Ichikawa E, Hosokawa N, Hata Y, Abe Y, Suginami K, Imayasu S, 1991. Выведение дрожжей для саке с улучшенной продуктивностью этил капроата. Сельскохозяйственная и биологическая химия 55: 2153-2154; http://dx.doi.org/10.1080/00021369.1991.10870932.

Ina K, Takasawa R, Yagi A, Ina H, Kishima I, 1990. Изотиоцианаты в стеблях и листьях васаби(Wasabia japonica Matsum). Nippon Shokuhin Kogyo Gakkaishi 37: 256-260; http://dx.doi.org/10.3136/nskkk1962.37.4_256.

Inokoshi J, Tomoda H, Hashimoto H, Watanabe A, Takeshima H, Ōmura S, 1994. Устойчивые к церуленину мутанты Saccharomyces cerevisiae с измененным геном синтазы жирных кислот. Молекулярная и общая генетика 244: 90-96; http://dx.doi.org/10.1007/bf00280191.

Kotaka A, Sahara H, Hata Y, 2010. Конструирование и применение диплоидных дрожжей саке с гомозиготной мутацией в гене FAS2. Journal of Bioscience and Bioengineering 110: 675-678; http://dx.doi.org/10.1016/j.jbiosc.2010.07.007.

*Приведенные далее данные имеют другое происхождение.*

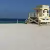 This is my take: the beach itself is nothing special-the sand is not powdery or white but coarse and a dull gray like New Smyrna, Daytona or Cocoa. There was a lot of natural debris (not garbage) on the shore and in the water so did not go swimming. the water itself had hues of blue beyond the debris.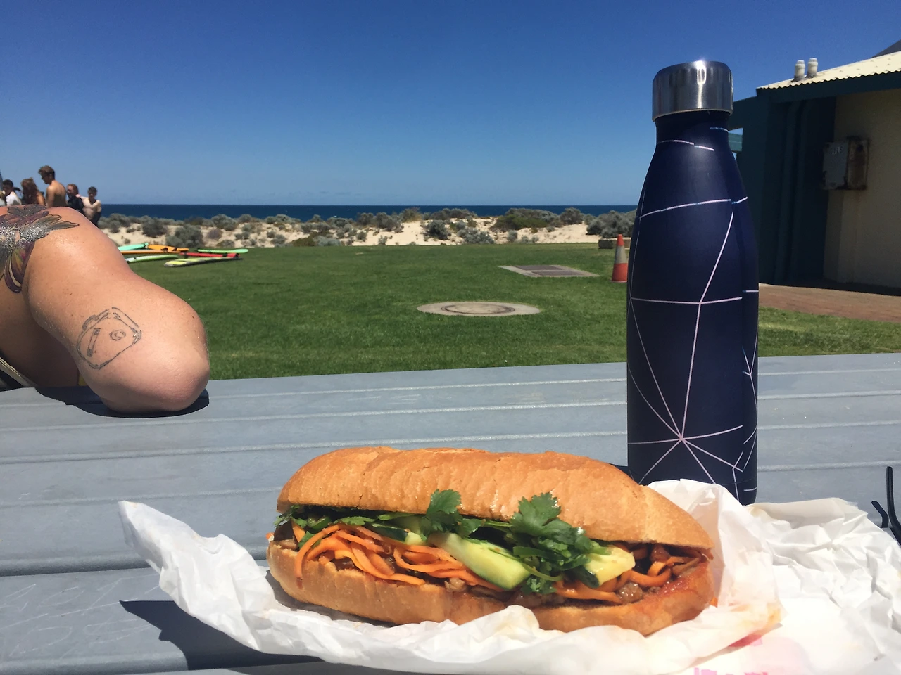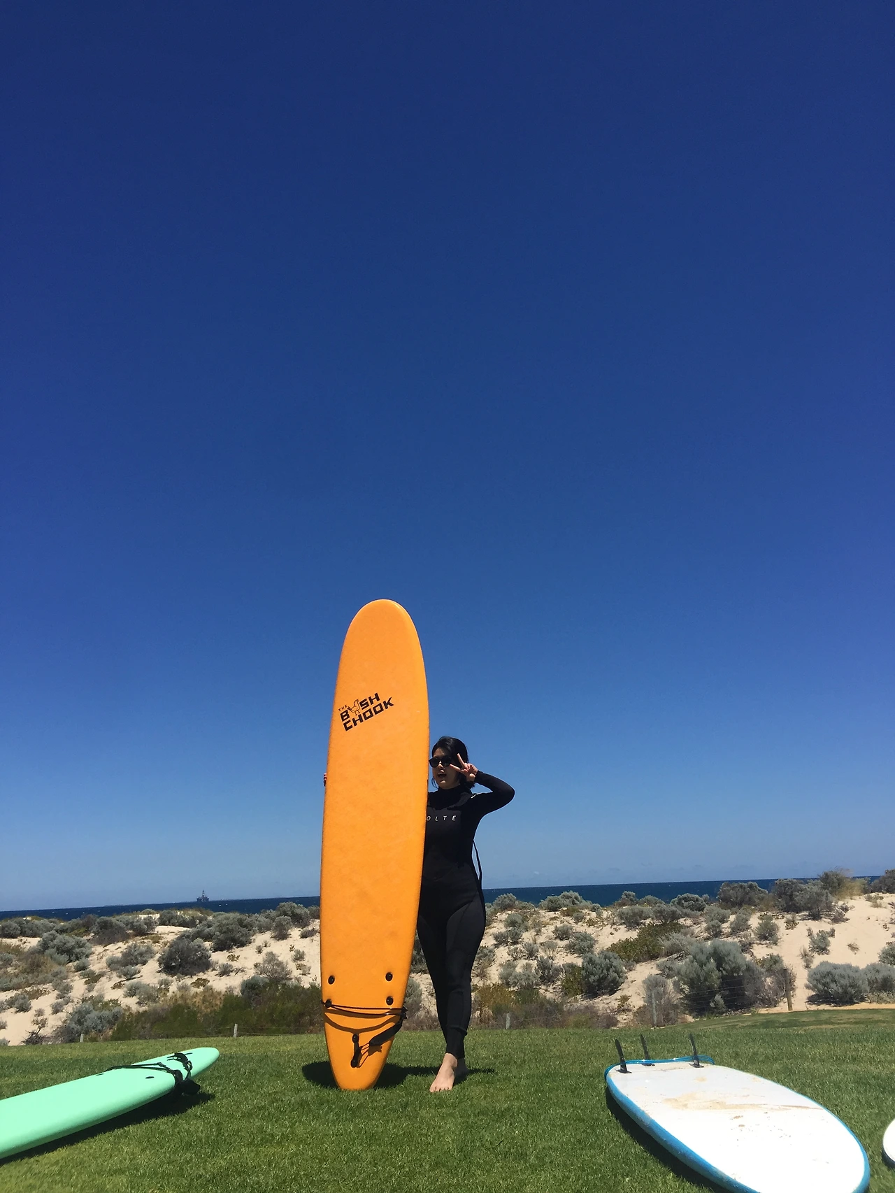 생각보다 너무 빨리 체력이 방전되었고 순간 어지러움까지 느낀 상황이라 다시 도전하고 싶은 마음이 싹 사라졌다. 나랑 키도 비슷한 호주 여자애는 참말로 패들링도 잘하고 챱챱챱- 잘가는데 나는 왜 패들링이 안되는 걸까. 보드 뒤에 숨어서 고개를 푹 숙이고 있었는데 서핑스쿨 대표님 아저씨가 "트라이 어게인" 해보란다. 트라이어게인 하다가는 내가 물에서 어게인 못나올것 같았다.

Tomotake H, Okuyama R, Katagiri M, Fuzita M, Yamato M, Ota F, 2006. Сравнение молока голштинской коровы и японо-сааненской козы по составу жирных кислот, переваримости липидов и белковому профилю. Bioscience, Biotechnology, and Biochemistry 70: 2771-2774; http://dx.doi.org/10.1271/bbb.60267.

Йошида К, 2006. Дрожжи длясакэ Kyoukai 1801. Journal of the Brewing Society of Japan 101: 910-922; http://dx.doi.org/10.6013/jbrewsocjapan1988.101.910.

Легенды рисунка

Рис. 1. Идентификация новой мутации в гене FAS2 дрожжей Saccharomyces cerevisiae. A: Секвенирование ДНК локусов FAS2 дикого типа дрожжей саке штамма Meijo-9 и мутантного штамма C8-222. Стрелками отмечена мутация G - C на нуклеотиде 3 758 открытой рамки считывания FAS2 и соответствующая замена аминокислоты Gly на Ala в кодоне 1 253. B: Профили свободных жирных кислот Meijo-9 и C8-222.